I have successed to launch the virtual machine, to install Windows 10 and to connect it from a remote SPICE client

But I have successed only without VGA Passthrough !!!

Once I try to give the virtual machine a graphic card it's not possible to access the machine with SPICE client and the process is completly blocked !
I can't even kill the qemu process with a kill -9 PID of [qemu process]

The hardware is new and I have tried to follow a lot of guide but none gave me the solution

---------------------------------------------------------------------------------------

--- Here is my hardware setup : ---

Gigabyte TRX40 Designare
AMD Threadripper 3960x
AMD Radeon RX480

This computer is attached to the network and I don't plan to use it as a desktop with screen
I have an other one from where I connect to the virtual machine with SPICE client. (SPICE client is really fast !)

---------------------------------------------------------------------------------------

What I have done :

I have installed Debian Buster with a ssh server and nothing more

I have installed qemu and KVM

I have successed to install Windows 10 with a remote SPICE client and I can start and stop the virtual machine without any problem when I use this command

Code: Select all
qemu-system-x86_64 -name windows10_vm -uuid xxxxxxxx-xxxx-xxxx-xxxx-xxxxxxxxxxxx -k fr-ch -machine type=pc-i440fx-3.1,accel=kvm -cpu host -smp 8,sockets=1,cores=8,threads=1 -m 16G -rtc clock=host,base=localtime -serial none -parallel none -soundhw hda -usb -device usb-tablet -boot order=dc -drive id=disk0,if=virtio,cache=none,format=raw,file=/dev/disk -drive file=/directory/ISO/Win10x64.iso,index=1,media=cdrom -drive file=/directory/virtio-win-0.1.171.iso,index=2,media=cdrom -spice port="5900",addr="0.0.0.0",disable-ticketing -vga qxl


---------------------------------------------------------------------------------------

After that I decided to try to enable VGA Passthrough

I have done the following :

-> enabled IOMMU in the BIOS

-> then search the id of the graphical card

Code: Select all
root@nightmare # lspci -v
...
21:00.0 VGA compatible controller: Advanced Micro Devices, Inc. [AMD/ATI] Ellesmere [Radeon RX 470/480] (rev c7) (prog-if 00 [VGA controller])

21:00.1 Audio device: Advanced Micro Devices, Inc. [AMD/ATI] Ellesmere HDMI Audio [Radeon RX 470/480 / 570/580/590]
...


there is nothing more in this IOMMU group so as what I have understood it's ok if I'm not wrong ?

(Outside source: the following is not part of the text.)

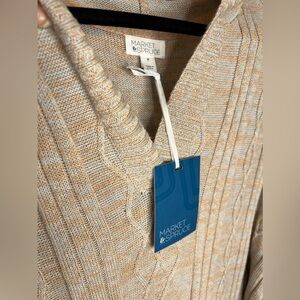 Adorable Market & Spruce “Afon” Cable Knit Hooded Sweater in ladies size 3X. It’s a tunic length, cable knit in light blue and muted orange (reads like tan). It’s 55% cotton, 40% nylon and 5% acrylic. Machine wash in cold water and lay flat to dry. Pretty vertical cable knit pattern with ribbed cuffs, hem and trim around the hoodie. MSRP $64. The pit-to-pit measurement is 25” (without stretching), the length is 32” and the sleeves are 27” (including 3” cuff). It’s a lightweight sweater that’s so cute and NWT!

then create a file to enable vfio module for the graphical card

Code: Select all
root@nightmare # cat /etc/modprobe.d/vfio.conf

options vfio-pci ids=1002:67df,1002:aaf0
options vfio-pci disable_vga=1


then create a file to blacklist amdgpu

Code: Select all
root@nightmare # cat /etc/modprobe.d/blacklist.conf

blacklist amdgpu


and after that add parameters to the /etc/default/grub.conf
first parameters enable IOMMU and second to disable the EFI/VESA framebuffer

Code: Select all
root@nightmare # cat /etc/default/grub

GRUB_CMDLINE_LINUX_DEFAULT="quiet amd_iommu=on video=vesafb:off,efifb:off"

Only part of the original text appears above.